John Wyver writes: Late evening on Monday 15 August 1939 saw a mobile control unit in Hammersmith for an hour-long outside broadcast from the Palais. Viewers saw dancing including the ‘Palais Glide’, ‘Big Apple’, , ‘Jitter Bug’, and ‘Boops-a-Daisy’, as well as a crooning competition. Leslie Mitchell was the commentator and the music was courtesy of Oscar Rabin and his Band.

Our essential guide to pre-war television, Grace Wyndham Goldie writing in the Listener, included the broadcast in a state-of-the-art article about television at the end of the third year of the 405-line service:

There can, I think, be no doubt that the technical achievements of television production are far outstripping any advance in the quality of the programmes. Just consider the progress of the last twelve months. Where has it been? Why, in camera handling, lighting, scenic-designing, costuming and make-up (though not perhaps in wigging), grouping and setting and every kind of detail of method.

The change in all these things has been so marked that studio work has altered beyond recognition. And that, I agree, is important enough.

But now look at the other side of the picture. Turn from the way in which the programmes are put over to the material w,hich is put over in them. What do we find?

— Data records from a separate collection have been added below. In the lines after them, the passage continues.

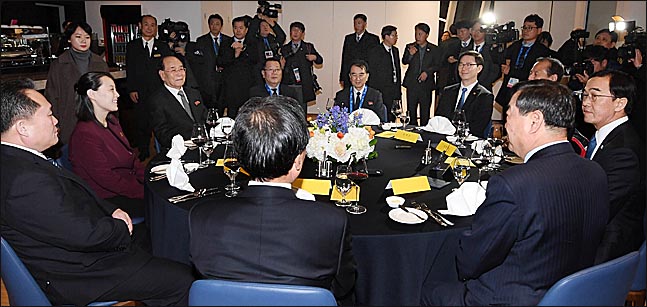 북측 대표단은 이날 오후 6시 23분께 호텔 내부 식당에 모습을 드러냈다. 모두 가슴에 김일성 김정일 휘장(배지)을 단 모습이었다. 김영남 단장이 선두에 서고 이어 조명균 장관, 김여정 등이 차례로 엘리베이터에서 내려 식당에 들어섰다.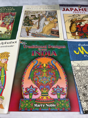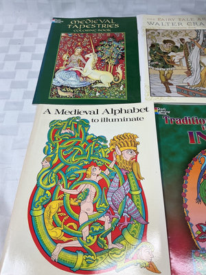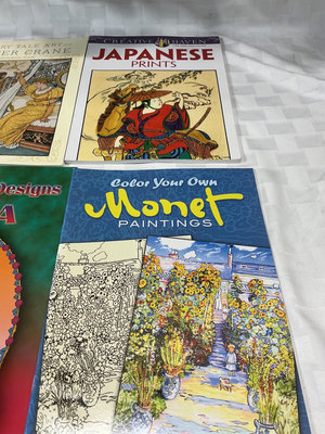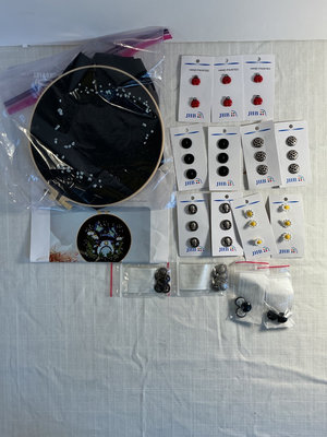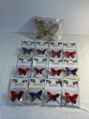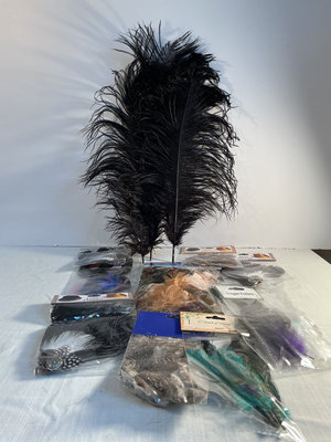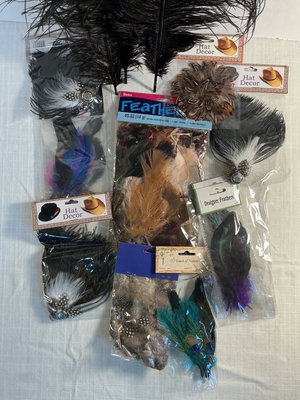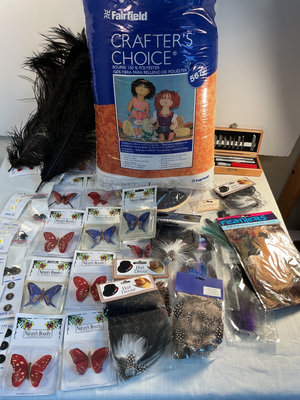 A collection of craft and costume accessories including large black feathers, assorted feather strands and hat decor, decorative butterflys, embroidery hoop with fabric, a set of hobby blades and handles, hair and jewelry findings (studs, buttons, charms), various feather embellishments and trims, and a bag of polyester stuffing for crafts. Six Adult coloring books.
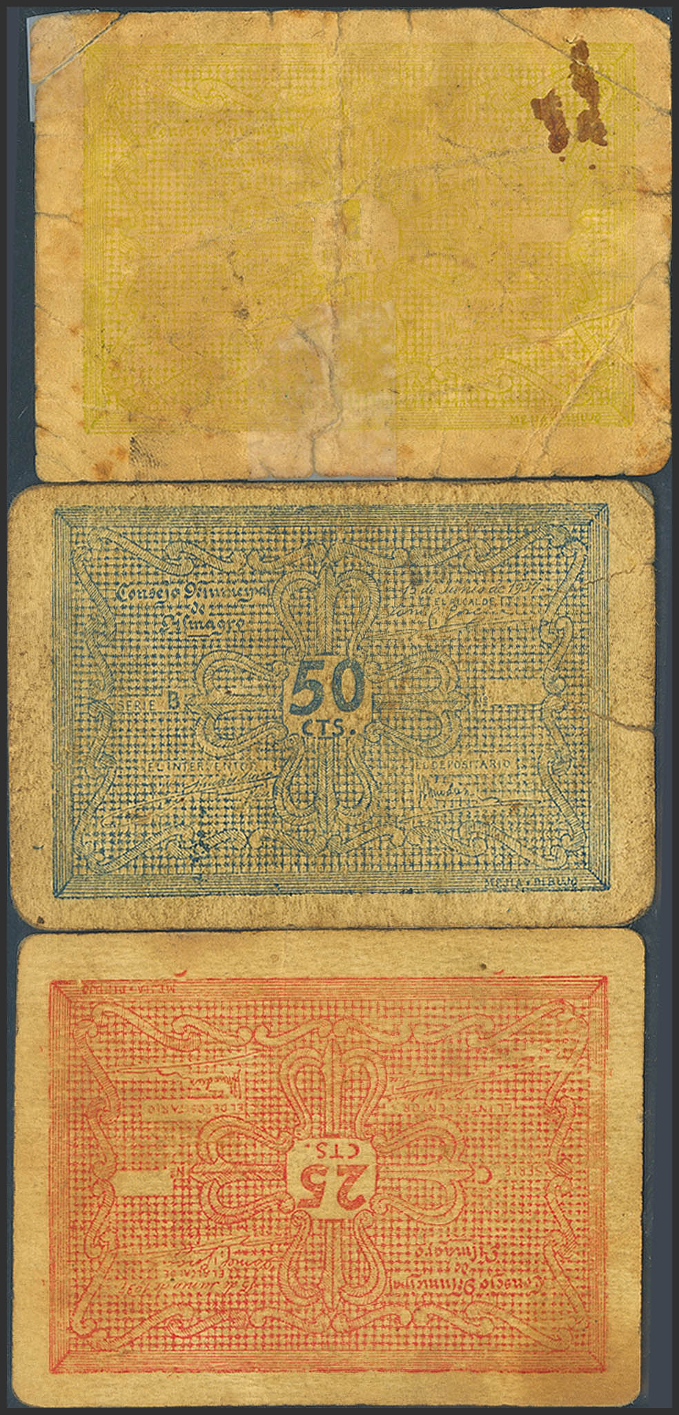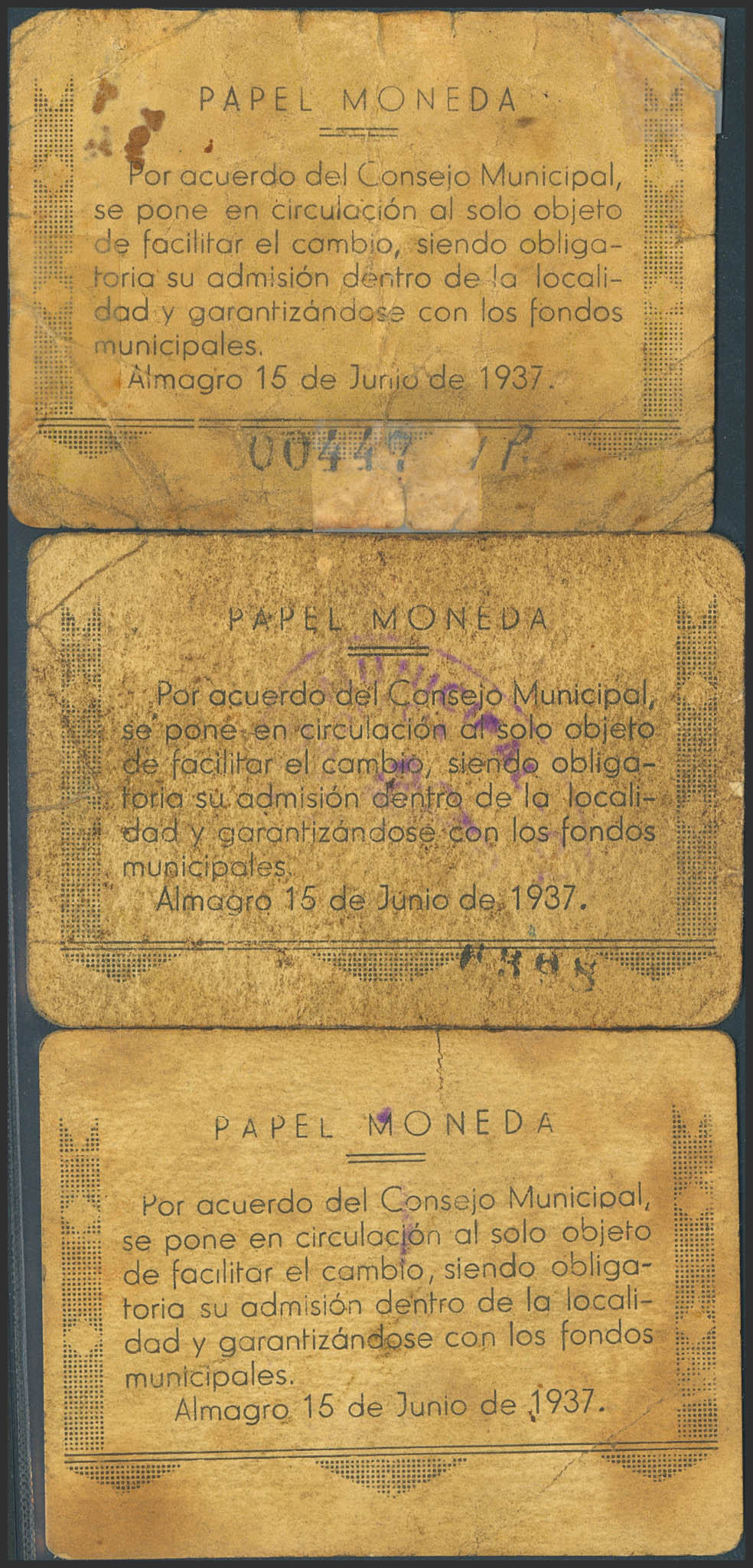 ALMAGRO (CIUDAD REAL). 25 Céntimos, 50 Céntimos y 1 Peseta. 15 de Junio de 1937. Serie C, B y C, respectivamente. (González: 546/58). Inusal serie completa. MBC/RC-.

Why, that the television week is dominated by studio light entertainment and that the mark of this is a trivial, shallow sophistication ; that it is usually cabaret and that its typical content is a pair of acrobatic ballroom dancers, a crooner, a contortionist or juggler and an at-the-piano singer of sophisticated comic songs.

Now all these things are excellent in moderation and nobody enjoys them more than I do. But it is, I suggest, a very serious mistake to give us so many of them. For they tend to give a dangerously false impression of the attitude of mind which governs television.

And even in the serious programmes an oddly similar trend can be seen. Here, certainly, and conspicuously in some of the talks series, we do get quality. But it tends to be the quality of intellect and of sophistication rather than of simplicity and humanity. And the typical talkers of television have been the Nicolsons, the Hallidays and the Tattersalls rather than the Seth-Smiths and the Streets.

The television programmes as a whole, in fact, are curiously lacking in any feeling for everyday life and everyday humanity. This is seen in the handling even of those programmes which are deliberately intended to show us ordinary life.

These are, for the most part, presented ‘straight ‘ as news events. This is obviously the right treatment for boxing matches and processions, but even the ‘feature’ programmes (last week’s Palais de Danse is an example) have the same flavour and show little of that personal angle of human interest which a good film editor gives to a good documentary film and a good feature writer like Mr. D. G. Bridson or Mr. Stephen Potter gives to a similar programme in sound broadcasting.